BEGIN ENTRIES SUPPLIED
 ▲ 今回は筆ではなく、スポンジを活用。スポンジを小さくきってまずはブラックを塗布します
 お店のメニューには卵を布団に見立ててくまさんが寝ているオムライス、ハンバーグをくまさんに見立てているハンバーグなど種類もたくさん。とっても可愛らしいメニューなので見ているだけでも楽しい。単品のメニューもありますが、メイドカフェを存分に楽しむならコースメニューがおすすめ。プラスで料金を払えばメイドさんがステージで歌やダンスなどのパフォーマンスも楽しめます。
END ENTRIES SUPPLIED
BEGIN ENTRIES SUPPLIED
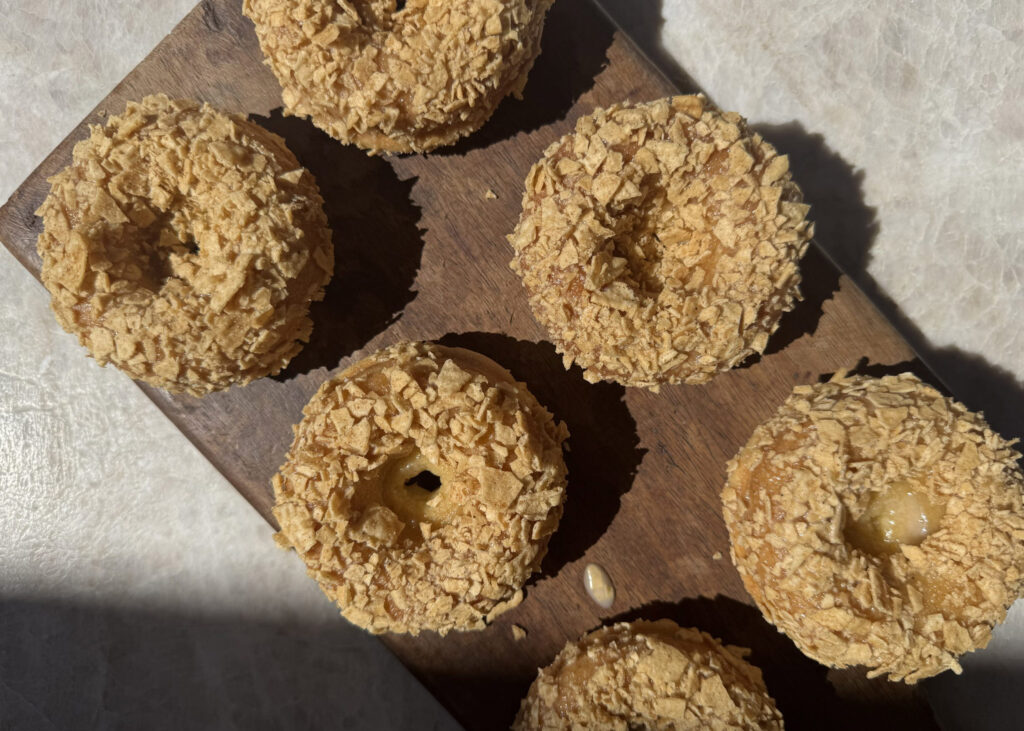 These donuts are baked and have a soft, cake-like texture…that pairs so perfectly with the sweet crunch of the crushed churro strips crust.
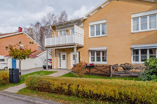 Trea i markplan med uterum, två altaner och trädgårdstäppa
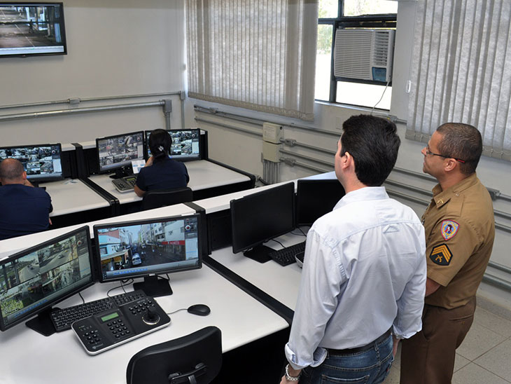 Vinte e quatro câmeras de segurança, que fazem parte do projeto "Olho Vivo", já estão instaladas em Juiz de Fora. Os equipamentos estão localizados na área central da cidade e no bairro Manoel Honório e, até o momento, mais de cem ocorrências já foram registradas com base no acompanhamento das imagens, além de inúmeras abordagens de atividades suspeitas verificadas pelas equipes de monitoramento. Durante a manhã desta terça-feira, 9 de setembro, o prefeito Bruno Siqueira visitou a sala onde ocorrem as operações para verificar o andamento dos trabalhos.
END ENTRIES SUPPLIED
BEGIN ENTRIES SUPPLIED
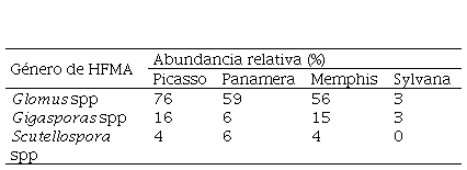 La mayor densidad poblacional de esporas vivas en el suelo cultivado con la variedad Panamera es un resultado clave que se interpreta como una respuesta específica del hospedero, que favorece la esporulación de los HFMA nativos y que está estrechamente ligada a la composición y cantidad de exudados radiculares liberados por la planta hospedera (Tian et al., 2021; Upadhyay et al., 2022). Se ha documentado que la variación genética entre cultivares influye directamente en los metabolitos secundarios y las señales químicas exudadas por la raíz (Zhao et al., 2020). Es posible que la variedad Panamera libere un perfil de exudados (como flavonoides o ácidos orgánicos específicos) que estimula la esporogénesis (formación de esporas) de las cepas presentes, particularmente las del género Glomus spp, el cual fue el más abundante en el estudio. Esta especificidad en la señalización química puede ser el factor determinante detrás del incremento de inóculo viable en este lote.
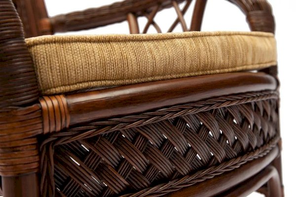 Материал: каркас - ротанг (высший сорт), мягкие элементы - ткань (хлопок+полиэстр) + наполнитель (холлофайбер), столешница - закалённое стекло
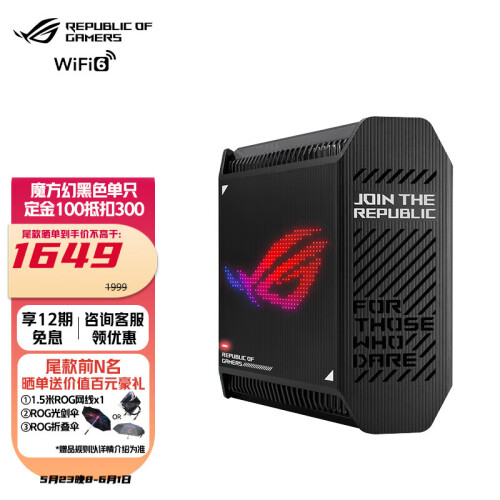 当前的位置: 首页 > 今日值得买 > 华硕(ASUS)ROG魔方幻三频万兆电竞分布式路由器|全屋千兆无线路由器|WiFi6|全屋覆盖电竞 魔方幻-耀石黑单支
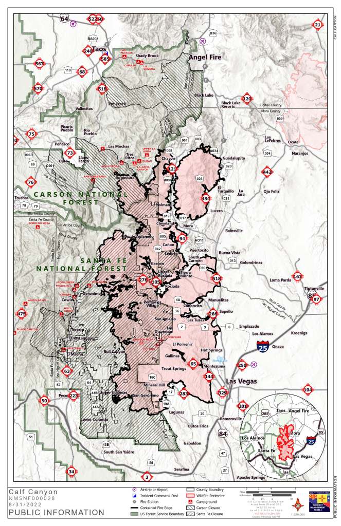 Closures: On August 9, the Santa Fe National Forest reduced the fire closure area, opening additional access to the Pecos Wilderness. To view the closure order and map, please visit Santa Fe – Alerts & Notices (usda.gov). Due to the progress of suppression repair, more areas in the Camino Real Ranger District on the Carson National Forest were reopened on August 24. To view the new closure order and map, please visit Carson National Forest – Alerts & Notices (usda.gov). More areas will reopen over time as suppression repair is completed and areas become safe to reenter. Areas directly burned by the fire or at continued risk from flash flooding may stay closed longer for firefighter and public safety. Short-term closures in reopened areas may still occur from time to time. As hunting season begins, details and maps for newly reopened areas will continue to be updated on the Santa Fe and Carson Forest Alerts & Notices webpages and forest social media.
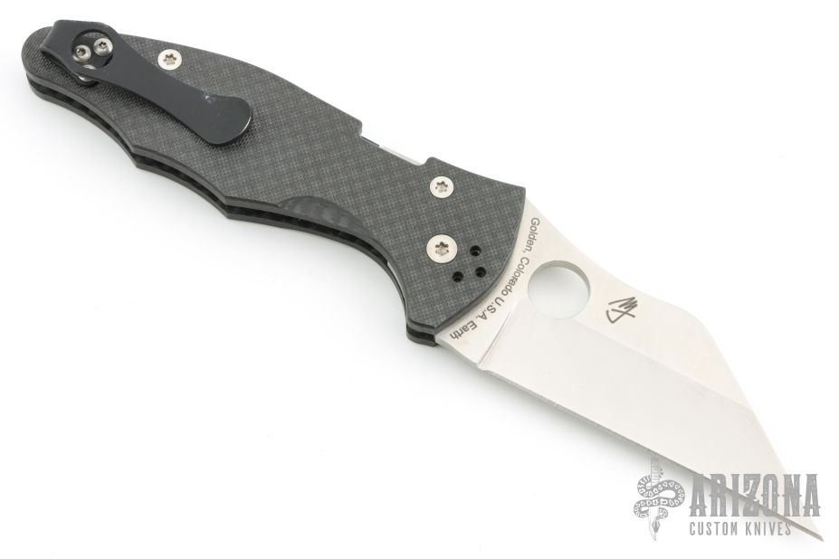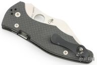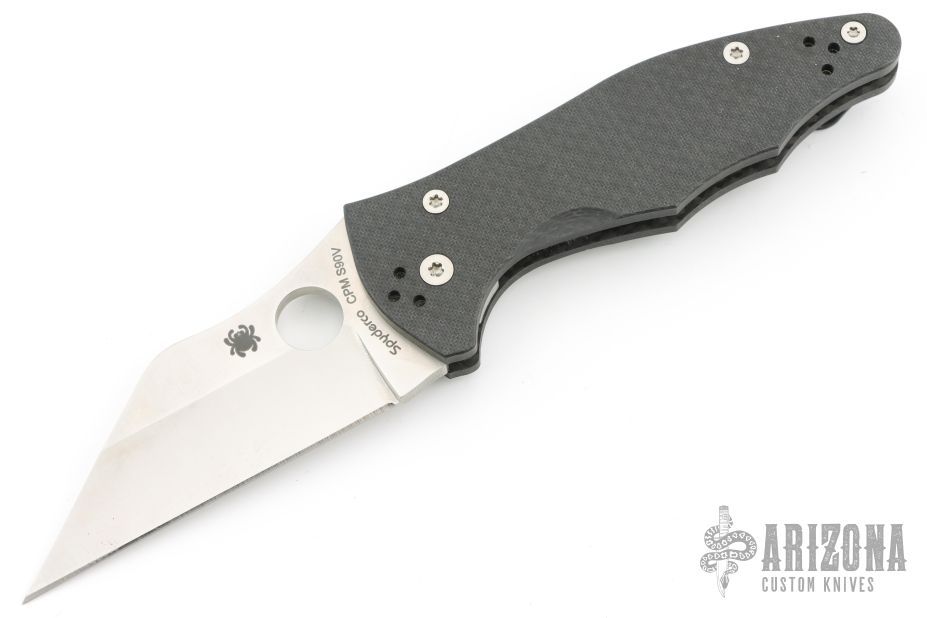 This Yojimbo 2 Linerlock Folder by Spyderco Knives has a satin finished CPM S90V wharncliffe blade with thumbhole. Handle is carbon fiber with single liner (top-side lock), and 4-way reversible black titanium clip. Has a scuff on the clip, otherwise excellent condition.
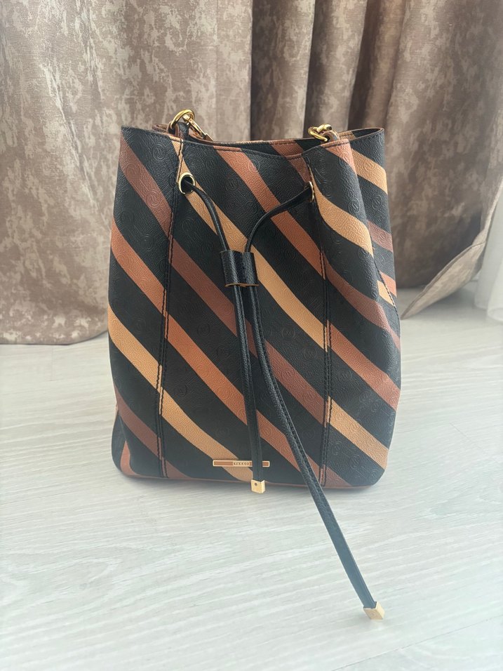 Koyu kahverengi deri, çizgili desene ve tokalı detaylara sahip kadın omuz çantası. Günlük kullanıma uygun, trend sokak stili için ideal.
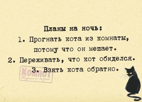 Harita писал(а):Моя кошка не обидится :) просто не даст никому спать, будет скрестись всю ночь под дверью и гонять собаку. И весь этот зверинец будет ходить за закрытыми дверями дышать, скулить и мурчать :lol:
END ENTRIES SUPPLIED
> _TASK DESCRIPTION_:
In the listing above, find the line with "Koyu kahverengi deri, çizgili" and the line with "Harita писал(а):Моя кошка". Copy exactly those two and every line between, without the pictures.

> _WRITTEN ANSWER_:
 Koyu kahverengi deri, çizgili desene ve tokalı detaylara sahip kadın omuz çantası. Günlük kullanıma uygun, trend sokak stili için ideal.
 Harita писал(а):Моя кошка не обидится :) просто не даст никому спать, будет скрестись всю ночь под дверью и гонять собаку. И весь этот зверинец будет ходить за закрытыми дверями дышать, скулить и мурчать :lol:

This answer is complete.